Frances sees the train tracks and thinks about hopping a freight train. She notices that some of the freight cars sitting on the tracks are not connected to anything. She realizes that Big Mama's fortune—that she would return after the journey—was true. She contemplates suicide. A Packard drives by and for a second, Frances thinks it is her brother and new sister-in-law coming to pick her up. But it is just an unknown couple.
Frances thinks that she should go check to see if she really did kill the Soldier when she hit him over the head. Remembering that part of Big Mama's fortune was that Frances would marry a light-haired man with blue eyes, Frances thinks that perhaps she should just go marry the Soldier and then they can run away together. She has finally realized that she is too afraid to go out into the world alone and that she needs a partner.
She goes to the Blue Moon, where she is quickly picked up to the police, whom Mr. Addams had informed of Frances' disappearance. Presently, France's father comes and picks her up.
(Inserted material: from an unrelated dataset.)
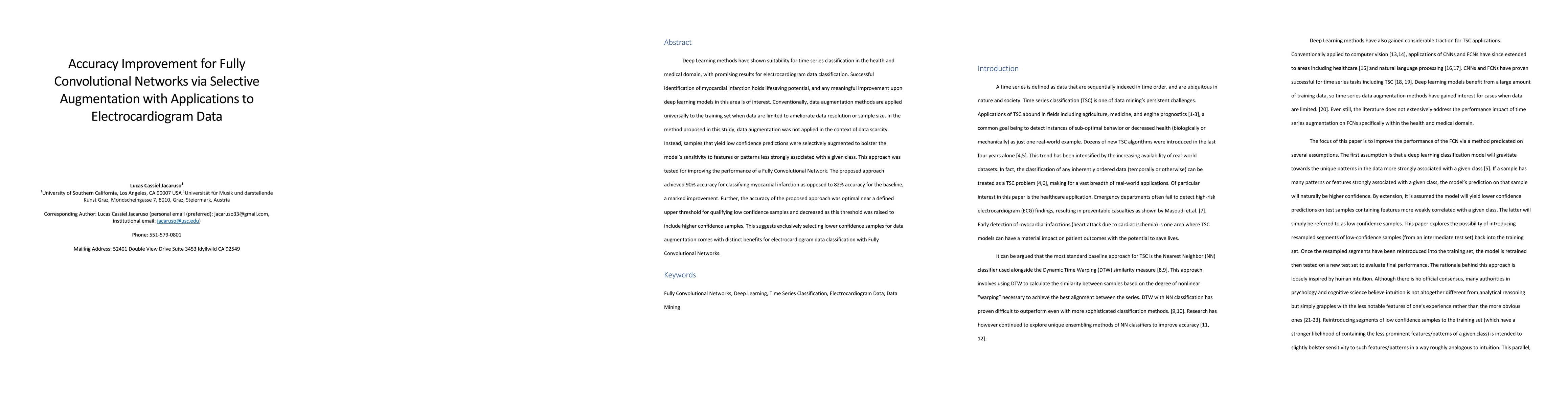 This paper proposes a selective data augmentation method for Fully Convolutional Networks to improve electrocardiogram classification accuracy, focusing on augmenting low confidence samples for better feature sensitivity. The method achieved 90% accuracy in detecting myocardial infarction, significantly outperforming the baseline model's 82% accuracy.

In a rapid denouement, McCullers describes the following three months. This is a time when "the changes had come," she writes. In that time, Frances turns thirteen and finally makes a friend in Mary Littlejohn. Mary is two years older than Frances and the two of them plan to travel the world together. But, in the meantime, they attend the fair, which is in town, though they avoid the house of the freaks. The Addamses decide to move into a suburban house with Aunt Pet and Uncle Ustace. Honey, high off of pot, robs a store and is sent to jail. And finally, John Henry gets meningitis, which first makes him blind, and ten days into the illness kills him. After his death, Frances remembers John Henry the way he was before the illness, and not his sickly "solemn, hovering and ghost-gray self."
They receive a letter saying that Jarvis is in Luxembourg. Frances imagines that she will pass by there when she tours the world. The novella closes when she begins to say "I am simply mad about—" but never finishes her sentence, because her pause is interrupted by "the ringing of the bell."